Même son de cloche du côté de la ville par la voix de son 1er adjoint, Philippe Knibiely, qui dit avoir pris acte de cet avis favorable: "On veut bien se plier à l’intérêt supérieur mais pas au détriment des intérêts locaux".
Oui, mais sous certaines conditions
Bien décidés à ne pas mettre la main au porte-monnaie pour financer ce que certains dénoncent comme une gabegie, en particulier l’ADRA (l’association des riverains de l’aéroport), la ville et l’agglomération ont finalement donné leur accord mais sous certaines conditions:
- La non-participation financière au projet ;
- La construction d’un viaduc suffisamment large (170 mètres au lieu de 70 prévu initialement) pour pouvoir faire passer la nouvelle voie au milieu du Technoport. Il s’agit d’une parcelle en friche située en face de l’Euroairport où l’agglomération ludovicienne ambitionne d’implanter un pôle de développement, l’Euro3lys.

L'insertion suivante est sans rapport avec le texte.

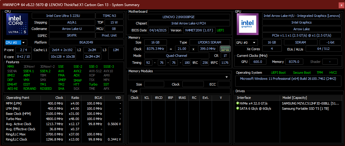 | Lenovo ThinkPad X1 Carbon Gen 13 21NX008PGE Intel Core Ultra 5 225U ⎘ Intel Graphics 4-Core iGPU (Arrow Lake) ⎘ 16 GB Memory, 512 GB SSD | Amazon: $1,649.99 List Price: 1955 Euro | 1.2 kg | 17.5 mm | 14.00" 1920x1200 162 PPI IPS LED | |
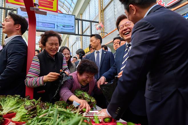 | ▲ 이재명 대통령이 26일 오후 경남 진주시에 위치한 진주중앙시장을 방문해 시민과 상인들을 만났다. 2026.3.26 |

Ces deux demandes ayant été prises en compte par les collectivités partenaires (CEA, région Grand Est) et les services de l’Etat, Jean-Marc Deitchmann se dit satisfait.
La commune de Saint-Louis demande par ailleurs des garanties quant aux nuisances sonores et environnementales induites par le passage d’une ligne de chemin de fer en plein centre-ville. "Des murs anti-bruit nous paraissent nécessaires avec le cadencement d’un train toutes les cinq minutes", souligne Philippe Knibiely.

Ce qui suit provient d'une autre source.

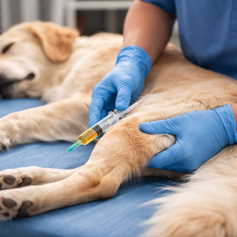 The procedure is performed under a short general anaesthetic for safety and comfort. A blood sample is collected from your pet and processed in our on-site laboratory to concentrate the platelets. This enriched plasma is then injected directly into the affected area to stimulate healing.
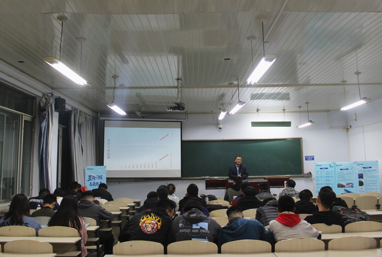 会议开始前,海大集团工程师崔相东播放了海大集团宣传片,展示海大集团立足农村,扎根农业的发展理念,让同学们了解到海大人的服务宗旨是帮助农民。会议伊始,崔工程师简单地介绍了海大集团的现状及未来的发展趋势,增加了同学们对企业的了解。随后,刘总经理以“星海闪耀,未来你来”为演讲主题,从“我们是谁”、“我们可以为你提供些什么”和“我们提供哪些就业单位”三方面介绍海大集团,并表明海大集团十分乐意接受“心怀梦想、锐意进取、坚韧不拔”的老员工加入到集团。会议最后,崔工程师对招聘职业做出详细介绍,并与刘总经理解答同学们所提的问题。

L'adjoint à la ville de Saint-Louis avoue sa préférence pour le raccordement au tram dont le coût, 25 millions d’euros, parait ridiculement bas par rapport aux quelque 350 millions du projet ferroviaire. "Ce que je crains c’est qu’à la fin on n'ait rien du tout", déplore Philippe Knibiely.
Un déni de démocratie pour l'ADRA
Rien du tout plutôt que ça, c’est en résumé l’avis sans appel de l’ADRA sur le raccordement ferroviaire. "On ferait mieux d’investir dans les infrastructures secondaires ou la rénovation du matériel de la ligne Bâle-Strasbourg", affirme Bruno Wollenschneider, le président de l’association de riverains. Pour lui, le projet de raccordement ne fait que favoriser le trafic aérien sur des voyages pas forcément utiles, voire contraires aux intérêts environnementaux.
"Ce compte-rendu n’est qu’un déni de démocratie, les délais n’ont pas été respectés et les contributions publiques n’apparaissent pas", ne décolère pas Bruno Wollenschneider qui juge scandaleux l'avis favorable rendu par les commissaires-enquêteurs.
De fait, dans le rapport mis en ligne par la préfecture du Haut-Rhin, n’apparaissent que quelques chiffres. En page 16, on peut lire que sur 225 observations émises par les particuliers, 130 sont défavorables au projet contre 76 favorables. Certains citoyens émettent des réserves ou ne se prononcent pas. Sur les 20 associations qui se sont exprimées, 14 sont défavorables au projet et sur les 23 élus qui se sont exprimés, 7 seulement sont favorables.
Des chiffres qui contredisent largement la soi-disant unanimité des voix en faveur du projet de raccordement ferroviaire.
Philippe Wollenschneider, désabusé, ne croit pas en un recours judiciaire qui selon lui ne changerait pas le cours des choses. Cependant, face à cette enquête qui, dit-il, a été menée en dehors de toutes les règles, il envisage un recours au tribunal administratif pour "remettre les autorités à l’ordre".
Si le projet est déclaré d'utilité publique, la nouvelle liaison ferroviaire de l'Euroairport pourrait entrer en service en 2028.